Деревенские верхом на двух мотоциклах — теперь они казались мне огромными, просто великанами — стояли прямо перед Казаком. Руки на руле, головы вызывающе вскинуты. Те, что сидели сзади, старались заглянуть за Казакову спину, на участок.
Молчание — такое сильное, что, казалось, разорвет сейчас ночной воздух, — тянулось бесконечно. Они просто стояли и смотрели друг на друга — не отрываясь. Вспыхивал и гас огонек сигареты в углу рта Казака.
Тишина лопнула, оглушительным треском моторов взорвалась, распалась на кусочки. Тот, что сидел за рулем первого мотоцикла, отвел глаза — первым, ударил, словно с досады, по педали стартера, еще раз, неистово, яростно, газанул и сорвался с места. Второй мотоцикл, зарываясь задним колесом в уличный гравий и оттого немного заваливаясь набок, полетел за ним.
Казак еще — все так же молча — неподвижно постоял около улицы. На фоне густо-синего неба вырисовывался крепкий затылок и аккуратные уши.
Потом повернулся и не спеша прошел по дорожке в дом. Мимо нас — будто нас и нету. И закрыл входную дверь.
Мы, падая и спотыкаясь, прислушиваясь — нет ли где деревенских — и не веря в свое спасение, побежали улочками, через маленькие пруды, домой. Не разбирая дороги в темноте, пробегали по чужим огородам.
— Черт-черт, — жалобно приговаривала сестра-Ася, когда мы случайно наступали в спелые уже кабачки, поскальзывались и падали. Добежав до дома, долго не могли отдышаться. Отряхивали с брюк колючки репейника, цементную пыль и светло-зеленую кожицу растоптанных кабачков. Сердце прыгало как сумасшедшее, и было вовсе не до сна.
Когда Симка с Пашкой снова натаскали из лесу хвороста и маленьких поленьев, принесли на берег пруда мешочек картошки, история с деревенскими почти уже забылась. Быстро — как забывается что-то стыдное, неловкое и даже обидное.
Снова летели к ветвям дуба — туда, где в дупле живет огромный шершень, — мириады искр, снова тянулись к костру ребята с соседних улиц. Садились — бок о бок, протягивали руки к огню.
За спиной Пашки что-то хрустнуло, и гитарист Миша вышел к огню — по-хозяйски, будто его разожгли специально для него. Из темноты показались Буратино и Леша-Пескарь. И Казак, о котором нам тоже хотелось забыть.

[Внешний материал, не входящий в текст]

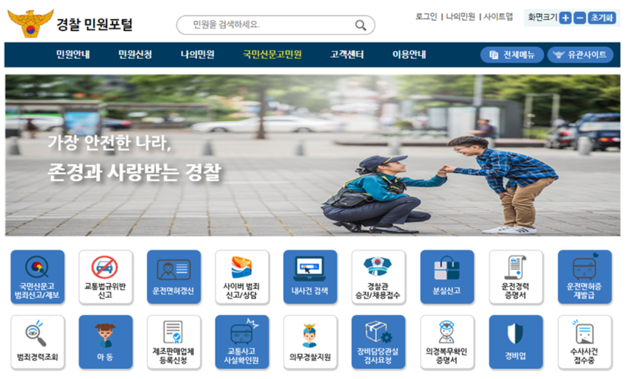 광진경찰서 홈페이지에서 제공하는 전체 메뉴입니다. 6개의 큰 메뉴 안에 세부 서비스 메뉴가 있는 것을 보실 수 있습니다. 많은 분들이 궁금해 하시는 경찰민원업무는 경찰서 홈페이지가 아닌 경찰민원포털 사이트로 접속하시면 간편하게 민원 업무를 보실 수가 있습니다.
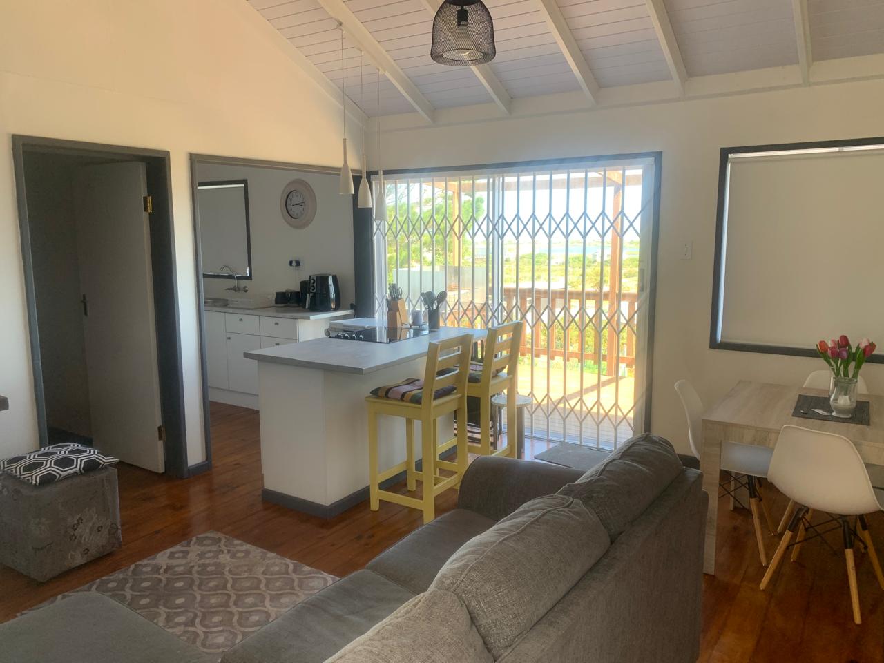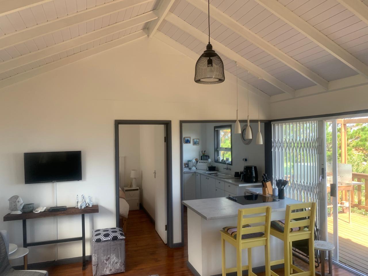 The home is freestanding and single storey, with durable timber-frame construction and a clean, modern look. High ceilings with exposed rafters, wooden floors and beautiful light fittings bring warmth into the living spaces. The layout is fully open plan, combining the kitchen, dining and living areas to create easy flow throughout this house for sale in Betty's Bay.

Я испугалась, что он все-все расскажет — и про деревенских, и как мы бежали, а потом сидели в тачке с цементом. Но Казак только молча посмотрел на нас и присел на полуобгоревшее грязное бревно. Медленно, с удовольствием закурил, выкинув спичку в пруд. Буратино и Леша-Пескарь заметно скучали.
Наверное, чтобы оживить всех, Пескарь выругался — нарочно грубо, громко, — с вызовом глядя на нас.
Буратино угодливо хохотнул, предвкушая ссору и скандал.
Гитарист Миша с издевкой прошелся аккордом по грифу гитары.
И вдруг Казак, пристально глядя на Пескаря, веско сказал:
— При них, — он торопливо, как-то даже воровато, глянул на меня и тут же отвел взгляд, — не ругаться. Понял?
Все замерли. Лицо Буратино вытянулось. Мишина гитара захлебнулась аккордом. Лешка подался назад, недоверчиво глядя на Казака.
— Бери пример вот с меня, — усмехнулся тот и, размахнувшись, прибил комара, который устроился на его щеке, рядом с оспинкой.
Занавешенное окно
— Если нас заловят, скажем, спутали адрес, — сказал Пашка.
— М-ме, — промычала сестра-Ася. Это значило — она не знала, пойдет ли с нами. Трусила, то есть.
— Не заловят, не заловят, — засуетился Симка.
Полинка молчала.
Про Дом придумал Симка. Он любил все таинственное, а таинственнее Дома в поселке не было ничего. Может быть, только странные исчезающие озера в лесу или там леший, который водит грибников в чаще и за просеками после полудня, будто софиты в театре, поворачивая солнце то так, то эдак. За сторожкой, прямо над полями, когда-то стояла церковь, провалившаяся под землю, говорили деревенские. А где-то за деревней Душищево одиноко чернел Васенин пруд — туда еще лет сто назад свалилась девка Васена, стирая белье, да так до сих пор и живет в воде. Русалкой тащит рассеянных под воду.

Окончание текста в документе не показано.